A warm Saturday six weeks later and Malachi sat in the kitchen with a chair to the open door, Nestor in Sigmund Freud mode, ears cocked, letting out mewls of anticipation, already guessing that Oonagh was coming. In a dark suit with a white collar, he felt like a schoolteacher about to give his estranged wife a geography lesson. The map in its goldish frame was already on the table, to demonstrate to her. It was an old map, buff-coloured and rare, which he had bought years before in a second-hand bookshop. All the towns and townlands and rivers and bridges and churches of Ireland were marked in it, alongside scenes of battle and the places of massacre and the places of pilgrimage, each with its own perfectly executed image.
The crunch of her high heels on the gravel made him jump, even though he was the one who had asked her to come. She had moved further north and the address she gave him, while she sorted things out, was above a paint shop in a small town in Longford. One night, very late, he drove there just to see it, but all was in darkness and he drove home again.

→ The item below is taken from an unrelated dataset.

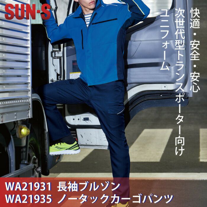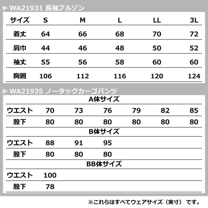 サンエス 作業服 作業着 作業ズボン サンエス 作業服 上下セット WA21931 長袖ブルゾン と WA21935 ノータックカーゴパンツ S-LL オールシーズン かっこいい おしゃれ ズボン 作業着

She looked drawn and sat stiffly as a visitor might, Nestor licking her ankles through her stockings and her hands folded sedately.
‘I have decided,’ he began, hoping there was nothing in his voice of the preacher – ‘I want us to tour Ireland with Uncle Vanya . . . I want it done here . . . not there.’

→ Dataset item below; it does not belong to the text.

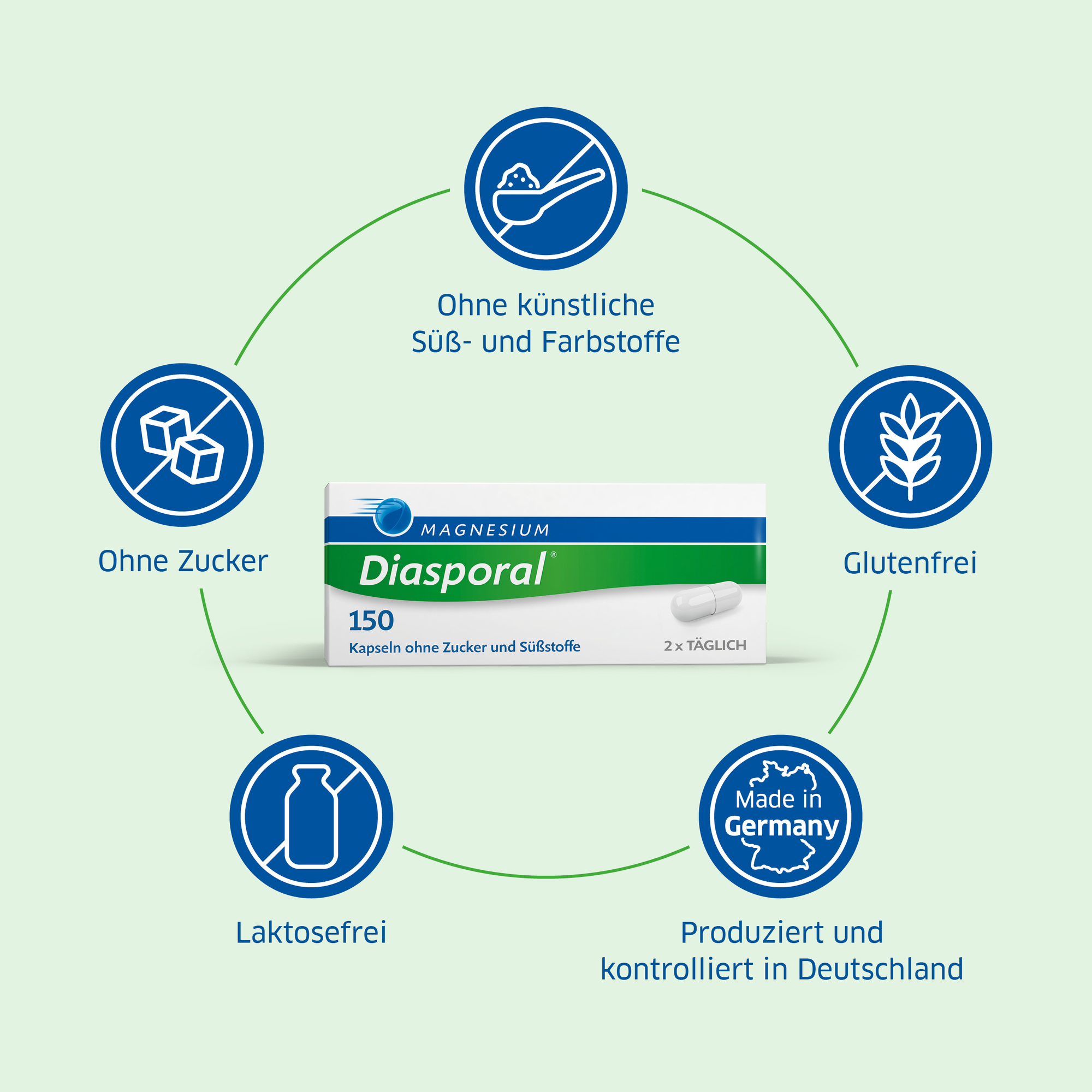 Magnesium-Diasporal® 150, Kapseln (Wirkstoff: Magnesiumoxid) Anwendungsgebiet: Magnesiummangel, wenn er Ursache für Störungen der Muskeltätigkeit (Neuromuskuläre Störungen, Wadenkrämpfe) ist. Zu Risiken und Nebenwirkungen lesen Sie die Packungsbeilage und fragen Sie Ihren Arzt oder Apotheker. Protina Pharm. GmbH, D-85737 D-Ismaning

‘You can’t afford it,’ she said.
‘I can. I’ve talked to Brendan . . . he’s going to approach people . . . the local council, the Arts Council . . . he’s certain he can get the funding . . . we’ll bring Chekhov to all the little towns where people are crying out for it.’
‘They’re not crying out for it,’ she said wearily, ‘they play bingo.’

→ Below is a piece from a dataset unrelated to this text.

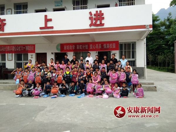 安康新聞網(wǎng)(通訊員 鐘定軍 劉成軍)陽(yáng)光溫暖,風(fēng)中飄香。5月31日下午,紫陽(yáng)縣麗姐助學(xué)志愿者攜中國(guó)建設(shè)銀行義烏分行愛(ài)心公社在副縣長(zhǎng)張麟的帶領(lǐng)下來(lái)到高橋鎮(zhèn)龍?zhí)缎W(xué),用行動(dòng)播撒愛(ài)的甘露:麗姐助學(xué)及義烏愛(ài)心公社為該校63名貧困學(xué)生傾注愛(ài)心,由麗姐助學(xué)為孩子們籌資送來(lái)了63套雨具(雨衣、雨鞋及鞋套);義烏愛(ài)心公社開(kāi)展“愛(ài)心書包漂流”活動(dòng)為孩子們買來(lái)63個(gè)書包,并且每個(gè)書包里面都配備有各種文具。孩子們依次伸出一雙雙稚嫩的小手,接過(guò)雨具和書包,此時(shí)每個(gè)孩子的臉上都綻放出快樂(lè)的笑容,校園里洋溢著濃濃的愛(ài)意。

‘I want to give something back,’ he said, then blurted the names of small towns to which they would travel – Ardstraw, Ardbeg, Ballybough, Ballymoney, Ballysadare, Benlettery, Bengowan, Killybegs, Magilacuddy, Sneem, Schull – then suddenly put the map back on the table and also sat.
‘In Yalta,’ he began, the voice high-pitched and near hysterical, ‘Chekhov wrote to his future wife Olga in Moscow and said, It is nine o’clock of an evening and I am as lonely as a coffin.’
‘And what did she write back?’ she asked wearily.
‘We don’t know,’ he answered, then pleadingly, ‘Will you do it, will you bring Chekhov to those poor wretches who have never heard of him?’
She did not reply.
They sat in silence, the sun coming and going in glancing shafts and not a word was said, and no knowing what was lost or what might yet be salvaged.
‘Oh poor Malachi . . . you’re mad. . . stone mad,’ she said and he saw that her eyes were filling up with tears, but that she could not speak. He knew now that it was a yes, she would come with him and a strange, overwhelming tenderness befell him.
They would cast their bread upon the waters and in one of those sleepy, forgotten towns, someone young or old would be quickened into life at encountering Chekhov for the very first time.